_Problem description_
The answer must consist solely of the lines below starting at the one containing "Iiwater Water Heat" and ending at the one containing "MILANO 1970 RETROSPETTIVA", repeated exactly, with both ends included and all pictures omitted.

_Records shown_
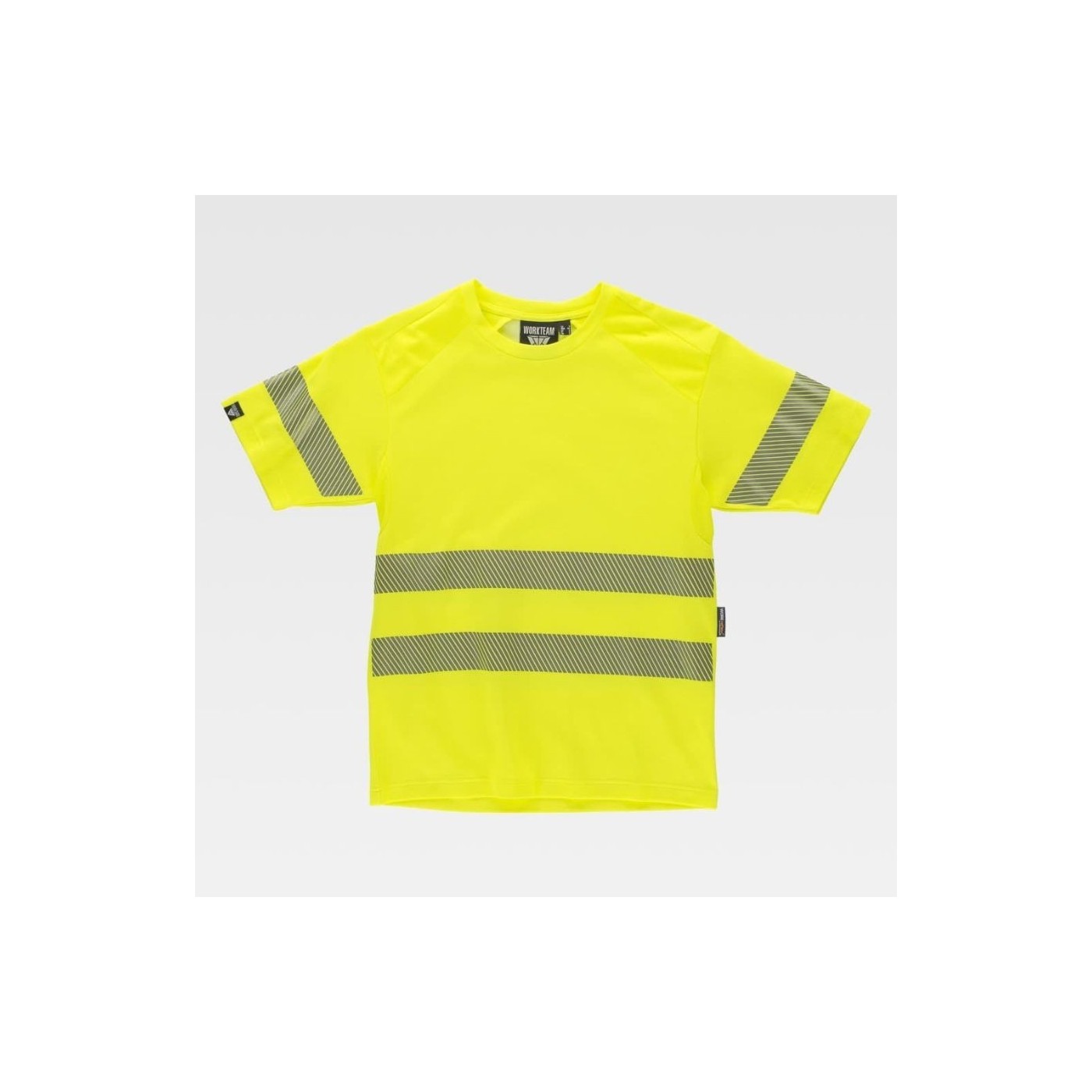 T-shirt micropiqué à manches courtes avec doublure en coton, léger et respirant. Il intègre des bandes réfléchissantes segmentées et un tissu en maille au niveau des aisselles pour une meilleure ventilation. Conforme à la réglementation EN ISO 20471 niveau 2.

---

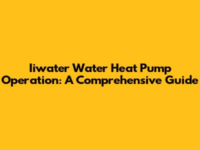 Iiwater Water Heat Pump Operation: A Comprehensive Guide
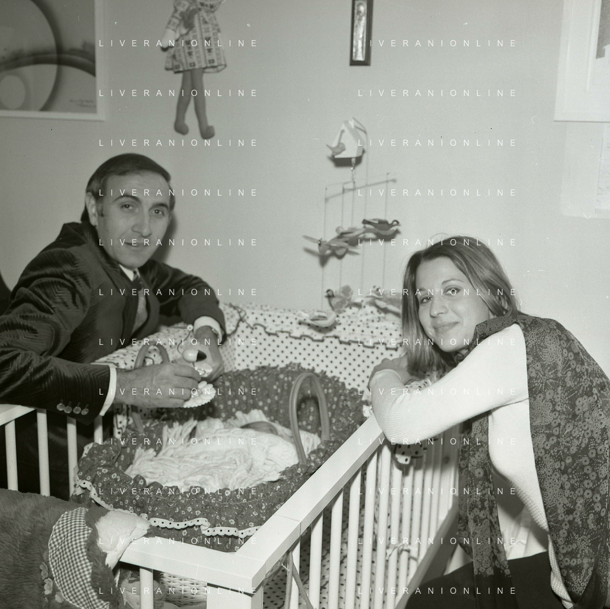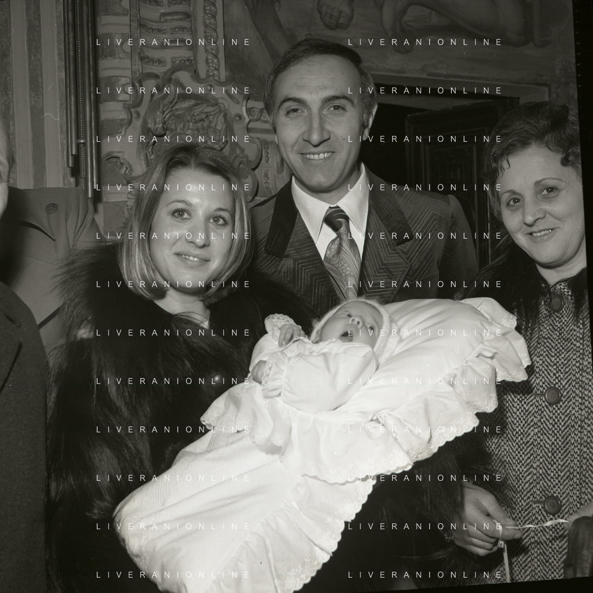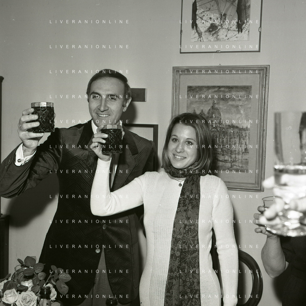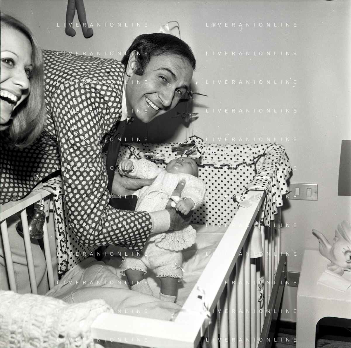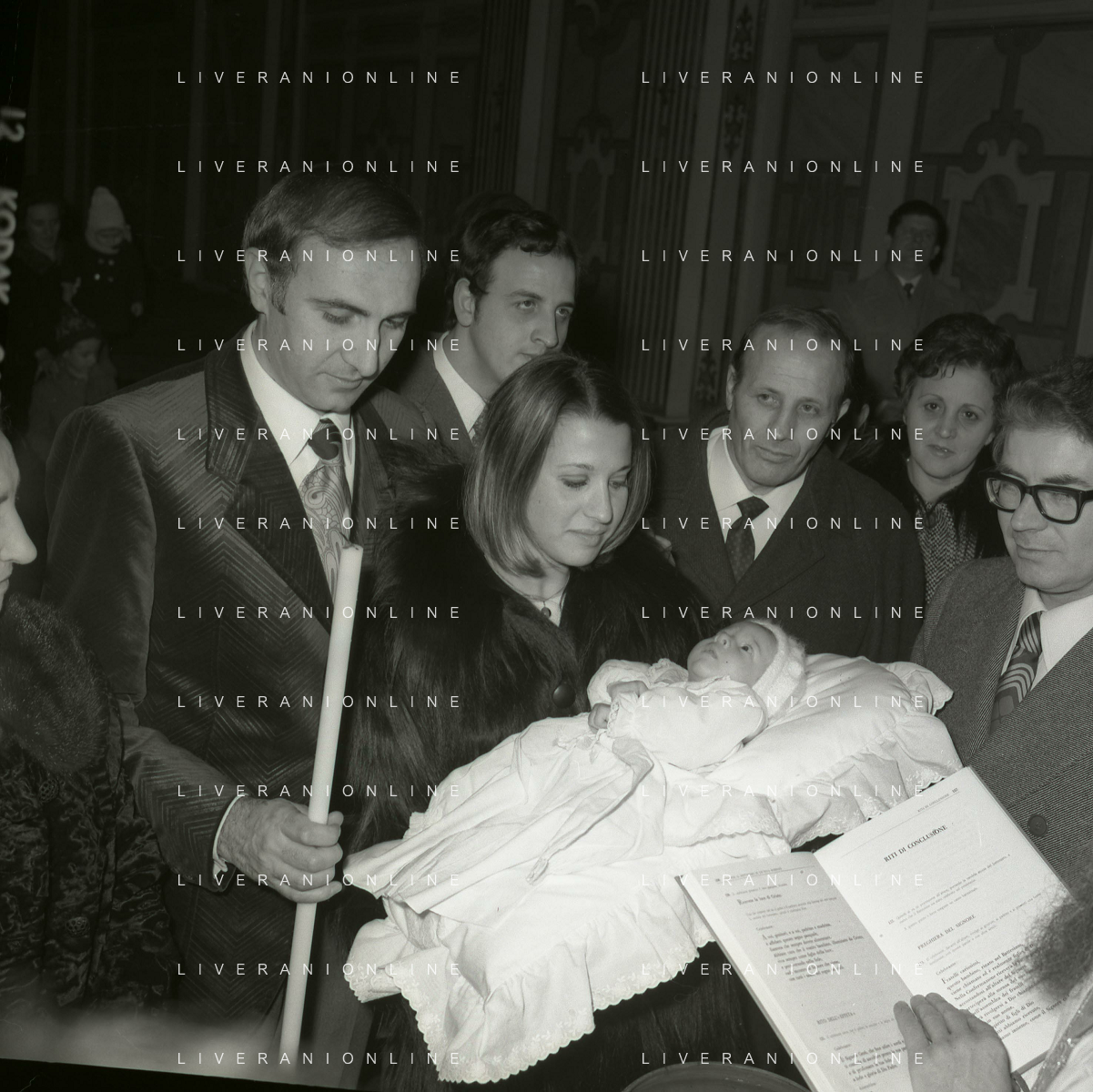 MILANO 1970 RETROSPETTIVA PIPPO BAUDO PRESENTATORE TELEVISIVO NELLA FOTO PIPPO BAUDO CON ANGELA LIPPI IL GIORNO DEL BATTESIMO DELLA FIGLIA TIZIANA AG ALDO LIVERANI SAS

_Result of this task_
 Iiwater Water Heat Pump Operation: A Comprehensive Guide
 MILANO 1970 RETROSPETTIVA PIPPO BAUDO PRESENTATORE TELEVISIVO NELLA FOTO PIPPO BAUDO CON ANGELA LIPPI IL GIORNO DEL BATTESIMO DELLA FIGLIA TIZIANA AG ALDO LIVERANI SAS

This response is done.